Using the matrix-vector product,\(3{\bf{u}} - 5{\bf{v}}\) can be written as shown below:

\(3{\bf{u}} - 5{\bf{v}} = \left( {\begin{array}{*{20}{c}}{\bf{u}}&{\bf{v}}\end{array}} \right)\left( {\begin{array}{*{20}{c}}3\\{ - 5}\end{array}} \right)\)

The equation becomes

\(\begin{array}{c}\left( {\begin{array}{*{20}{c}}{\bf{u}}&{\bf{v}}\end{array}} \right)\left( {\begin{array}{*{20}{c}}3\\{ - 5}\end{array}} \right) = \left( {\begin{array}{*{20}{c}}0\\0\\0\end{array}} \right) + {\bf{w}}\\\left( {\begin{array}{*{20}{c}}{\bf{u}}&{\bf{v}}\end{array}} \right)\left( {\begin{array}{*{20}{c}}3\\{ - 5}\end{array}} \right) = {\bf{w}}.\end{array}\)

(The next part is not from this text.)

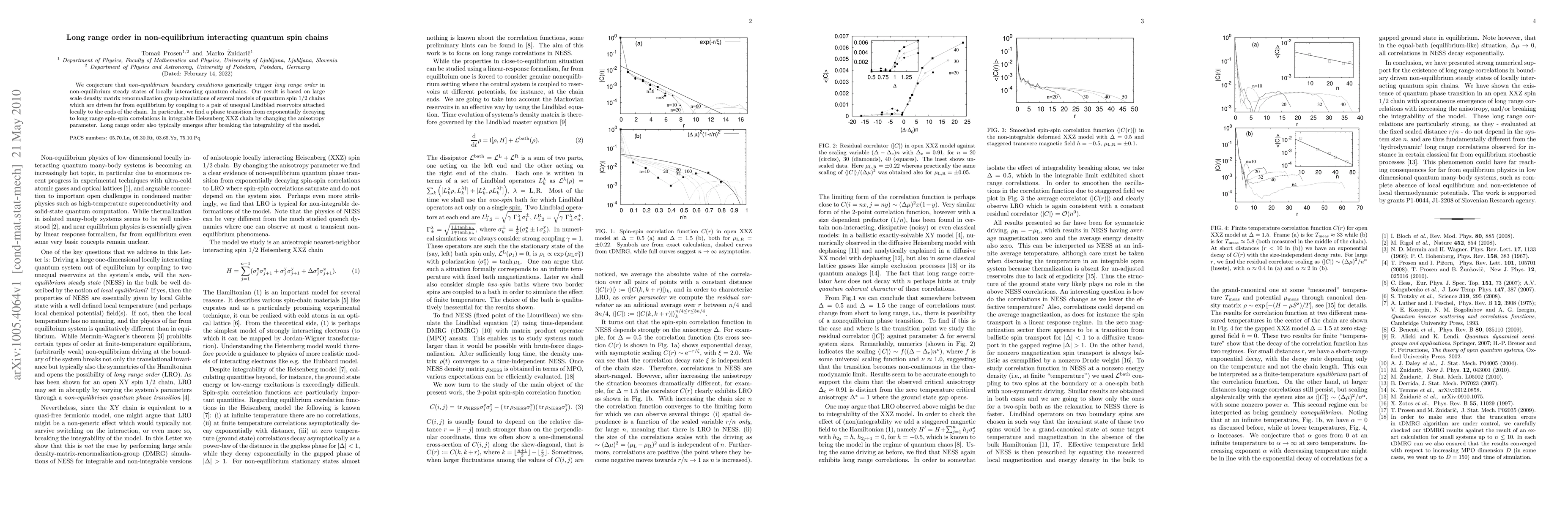 Non-equilibrium boundary conditions induce long range order in steady states of interacting quantum spin chains, as demonstrated by density matrix renormalization group simulations showing phase transitions in integrable and non-integrable models. Key finding: Phase transition from decaying to long range spin correlations in the Heisenberg XXZ chain with varying anisotropy.
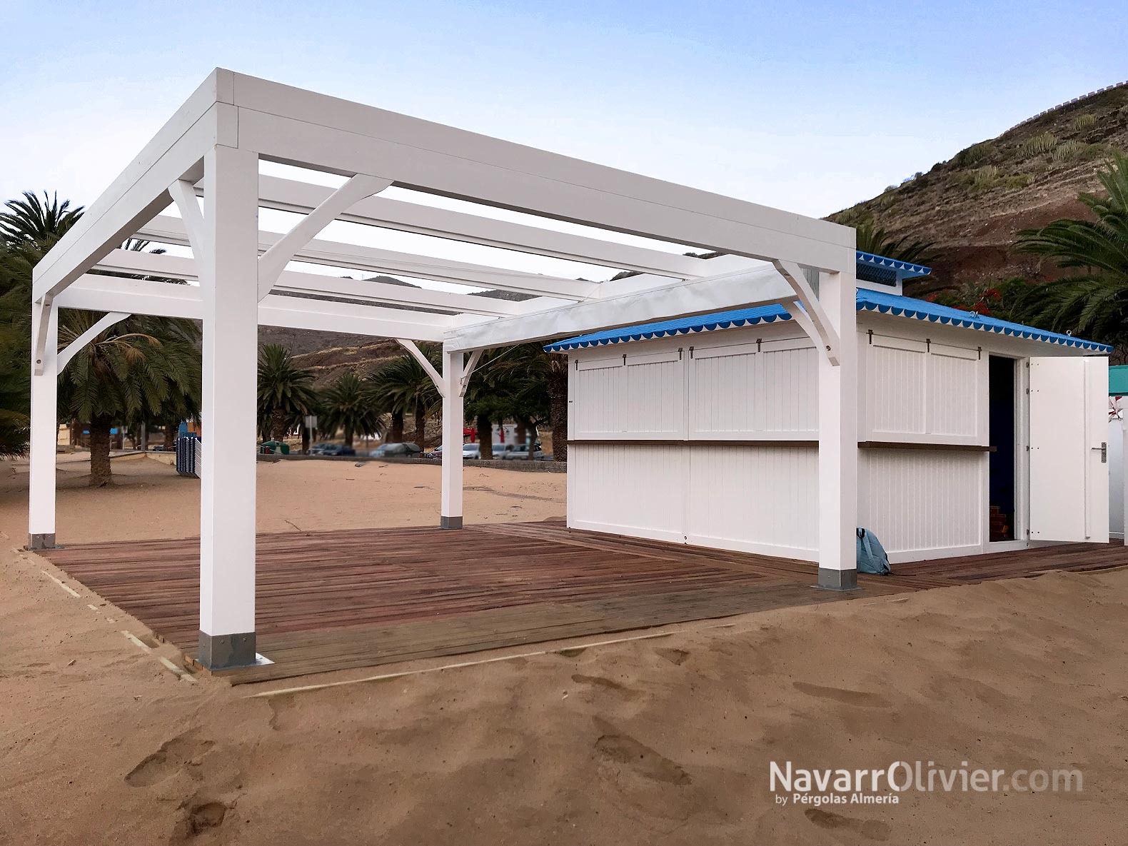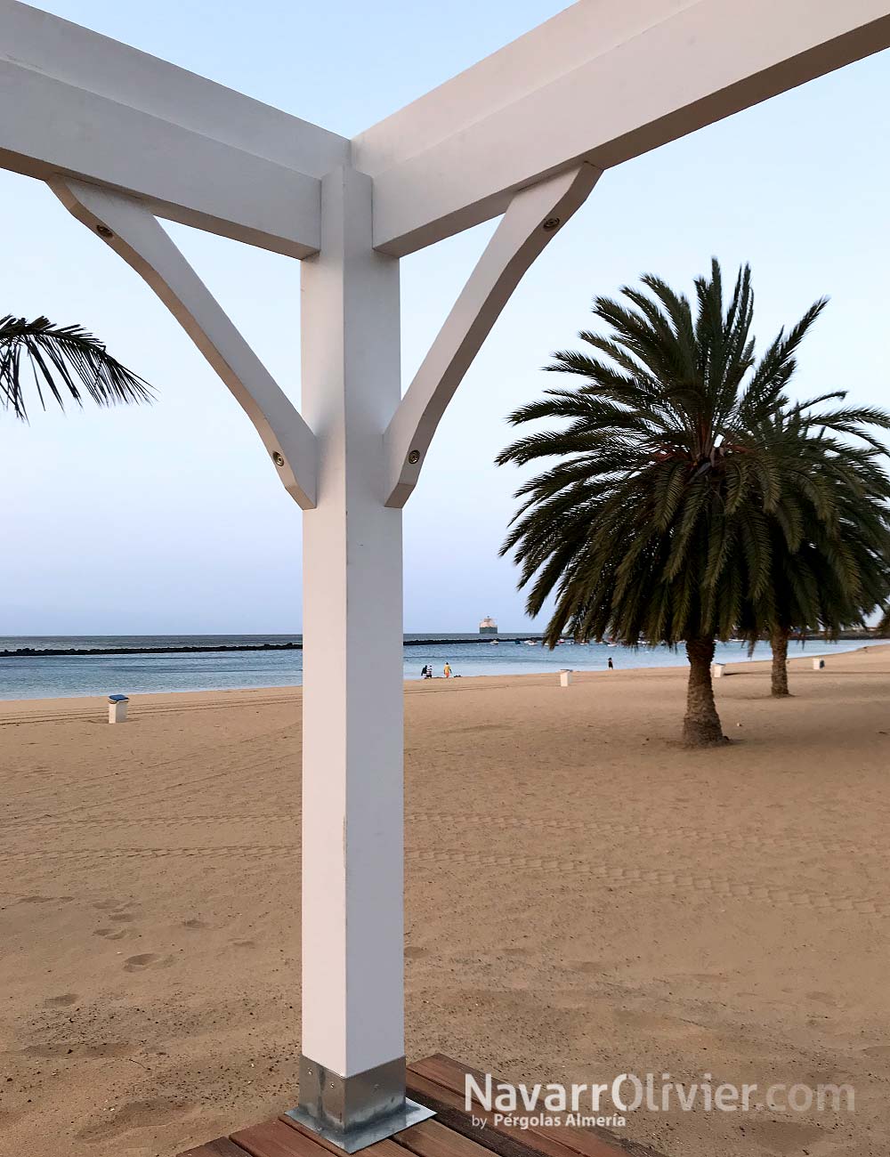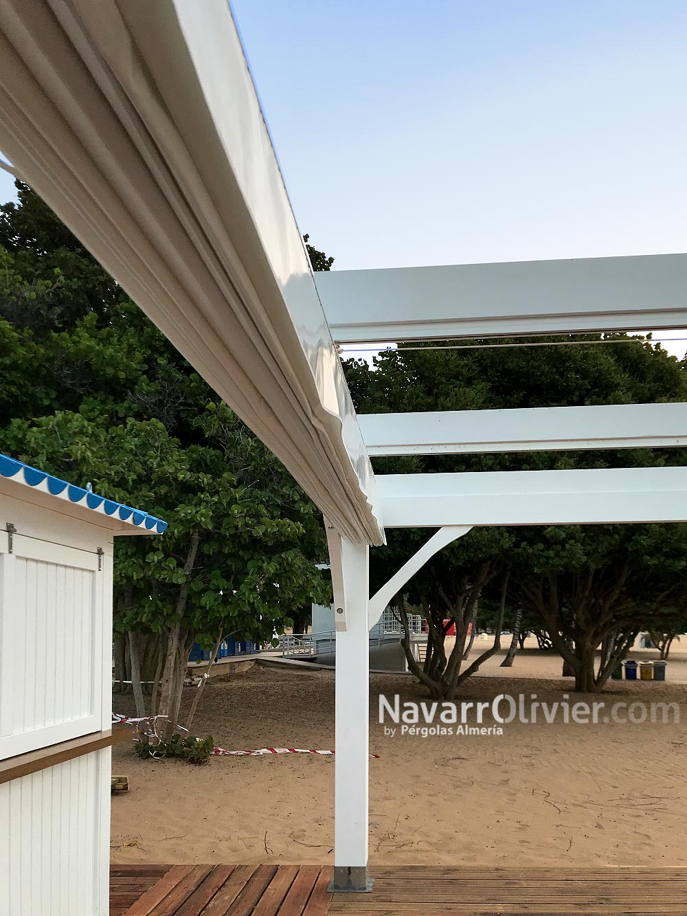 La pérgola fabricad en madera laminada acabada en blanco cuenta con toldo de palillería y está fijada a la terraza mediante anclajes en acero inox 316.

Thus, \(\left( {\begin{array}{*{20}{c}}{\bf{u}}&{\bf{v}}\end{array}} \right)\left( {\begin{array}{*{20}{c}}3\\{ - 5}\end{array}} \right) = {\bf{w}}\).

Obtaining the values of unknowns

Compare the equation \(\left( {\begin{array}{*{20}{c}}{\bf{u}}&{\bf{v}}\end{array}} \right)\left( {\begin{array}{*{20}{c}}3\\{ - 5}\end{array}} \right) = {\bf{w}}\) with the equation \(\left( {\begin{array}{*{20}{c}}7&3\\2&1\\5&3\end{array}} \right)\left( {\begin{array}{*{20}{c}}{{x_1}}\\{{x_2}}\end{array}} \right) = \left( {\begin{array}{*{20}{c}}6\\1\\0\end{array}} \right)\)to get\({\bf{u}} = \left( {\begin{array}{*{20}{c}}7\\2\\5\end{array}} \right)\), \({\bf{v}} = \left( {\begin{array}{*{20}{c}}3\\1\\3\end{array}} \right)\),and \({\bf{w}} = \left( {\begin{array}{*{20}{c}}6\\1\\0\end{array}} \right)\).

Also, \(\left( {\begin{array}{*{20}{c}}{{x_1}}\\{{x_2}}\end{array}} \right) = \left( {\begin{array}{*{20}{c}}3\\{ - 5}\end{array}} \right)\).

Thus, the required values are\({x_1} = 3\) and \({x_2} = - 5\).